The customer Hooks confided in, Lila Cabill, is a community activist, the kind who won't shop at your store if you don't say "thank you" when she buys something from you, the kind who visits grocery and liquor stores in the city to check expiration dates on food and complain to owners. She belongs to groups with names like the Detroit Black Community Food Security Network and Undoing Racism in the Detroit Food System, and once ran the Rosa and Raymond Parks Foundation. 

One reason why shopping at a black-owned store is important, she says, is that many grocers in the inner city treat customers poorly — serving expired food, operating filthy stores, treating their black shoppers like thieves. And since many residents don't have cars to get to better grocery stores in the suburbs, they're sometimes at the mercy of indifferent or hostile merchants.

"See, I won't spend my money at a dirty store. I'm not spending my money if they can't greet me as a customer," Cabill says. "But these people don't have the options I have.

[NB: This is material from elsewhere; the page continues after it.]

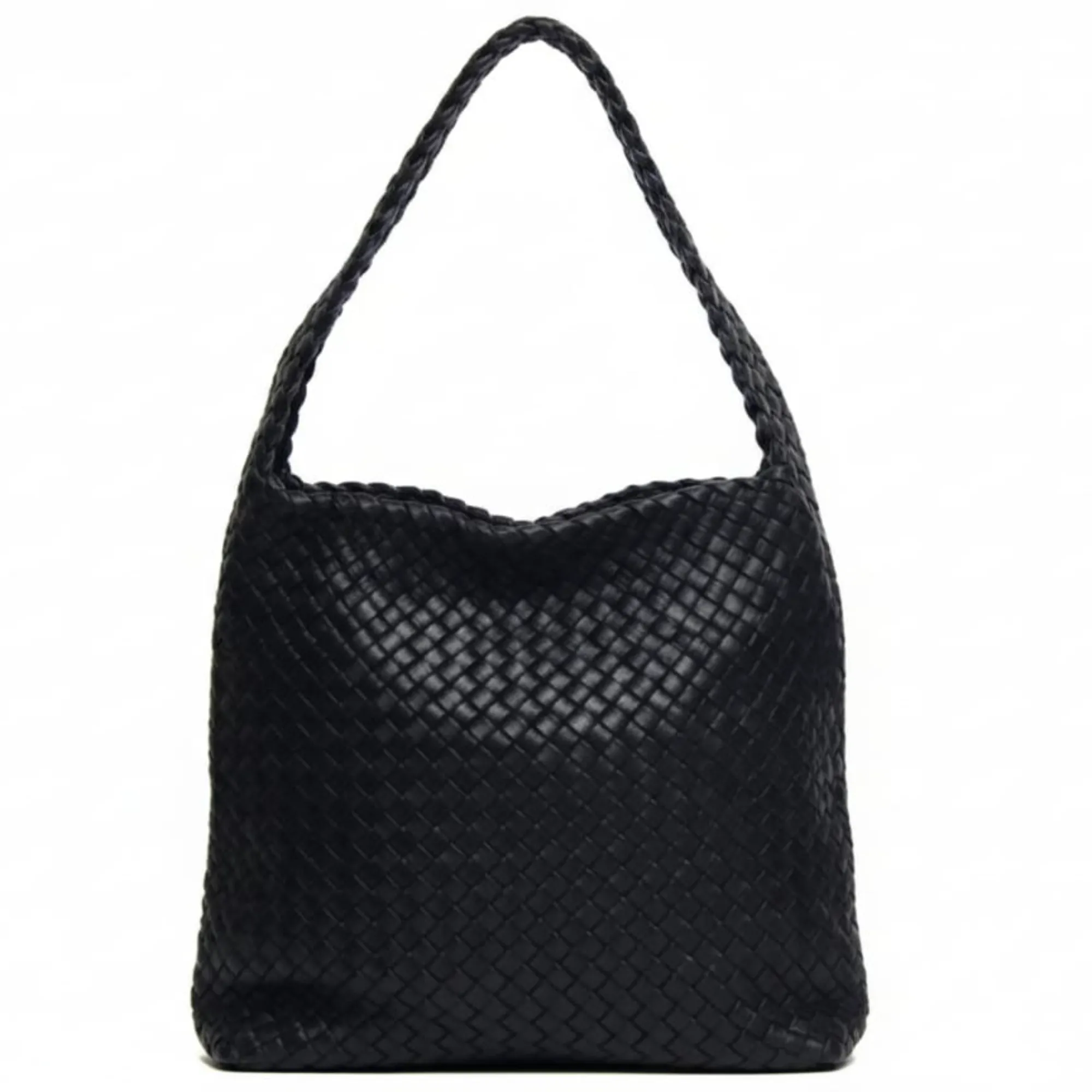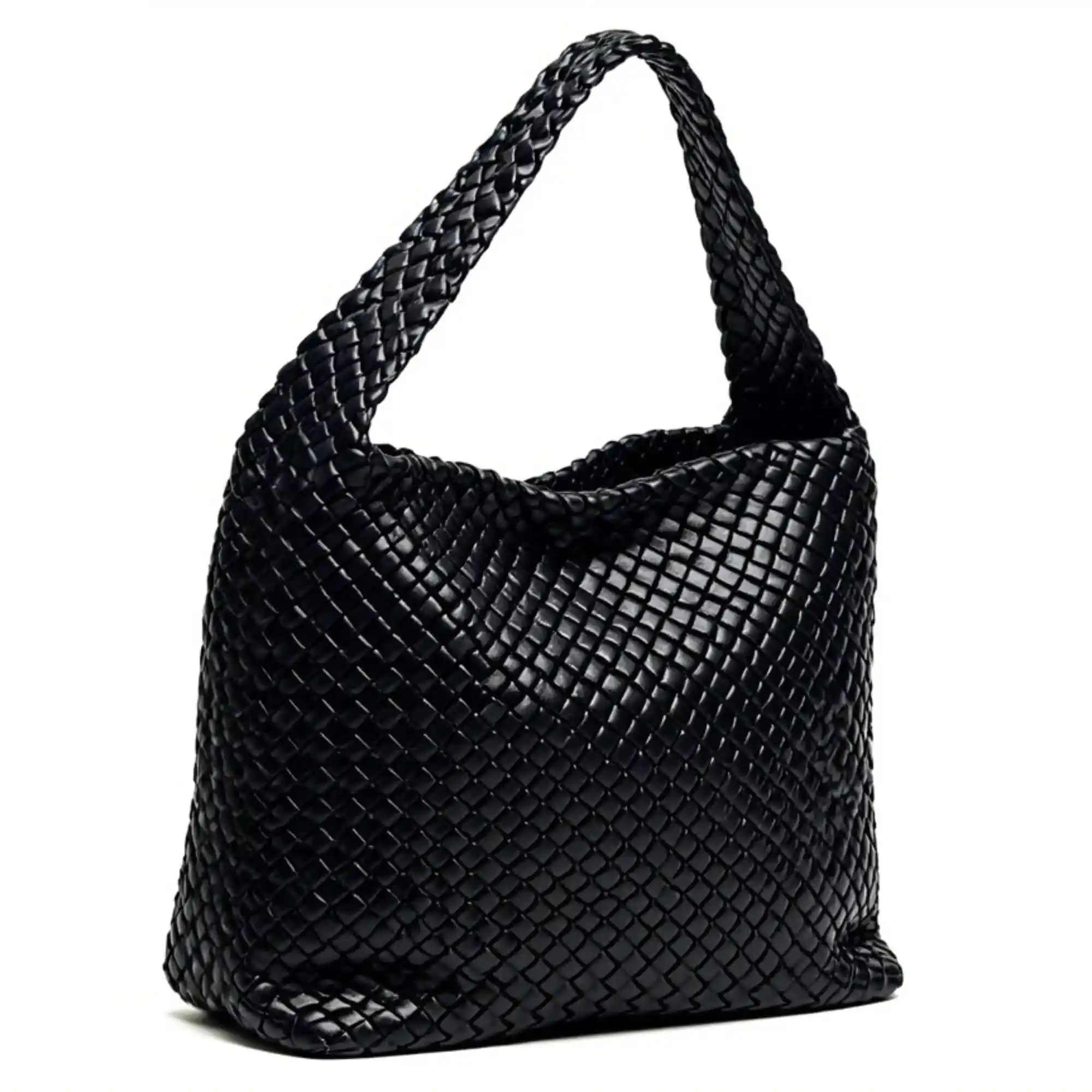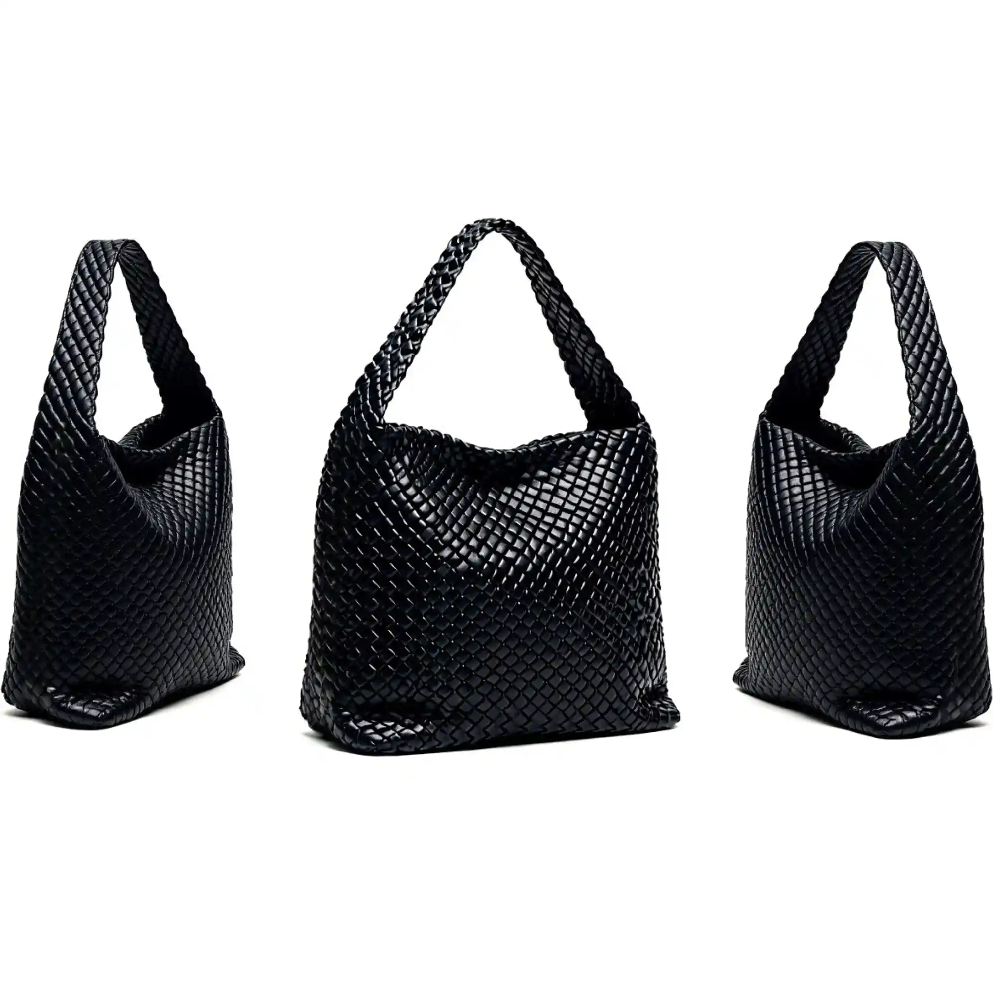 Black Aura Vine is a slouchy yet structured hobo bag in deep black woven leather, blending the enigmatic vibe of its “Aura” predecessor with vine-like texture for added organic allure. Its relaxed silhouette features generous drop handles for effortless shoulder carry and a softly draped body that molds to your essentials without bulk. Perfect for the modern minimalist seeking bohemian edge, it pairs seamlessly with casual denim or flowy dresses for day-to-night versatility.

I can get in my car and go somewhere else. They have to walk to these places in the neighborhood."

Yet, she thought, here is Metro Foodland, the last black-owned grocery store in the city, and the community can't keep it afloat? At least here, customers from the blocks around it get treated with respect. That should be enough reason to shop here. "There's such a huge difference in terms of the Arab store owners and how they treat customers, and how the lack of respect is ingrained in our social fabric," Cabill says.

So she started an effort called Metro Foodland Loyalty Appreciation Campaign 27, named for the number of years this store's been here. It calls on neighbors to shop at the store 27 times this year, spend $27 each time and ask 27 people to do the same. They hold a drawing every month on the 27th for a $27 gift card to the store. The goal, she says, is to show Detroiters they don't have to drive to the suburbs for good food, that this store is as good as any north or west of the city limits, where many nearby residents prefer to shop.

But it's been a frustratingly hard sell. "The neighborhood's pretty cool, we get the support, but we don't get as much as we need," says Charles Clark, the store's 60-year-old produce manager. "I don't know why that is."

Cabbil thinks she knows. Even black shoppers, she says, have bought into stereotypes about black-owned stores.

"Detroiters typically are not necessarily loyal to Detroit," she says. "The African-American community has a history of not supporting its businesses. When you look at it, it's a racist thing. There's assumptions that are made and stereotypes that are made about businesses. For instance, with Mr. Hooks' business, many people will say, 'Oh, I didn't know it was a black-owned business. This store is so clean.'"

As if things weren't already hard enough for Metro Foodland, news spread that Meijer was thinking of opening a store about a mile down the road. Despite the frequent complaint from Detroiters that national retail chains are unwilling to open within city limits, this news didn't sit well with some people in the neighborhood.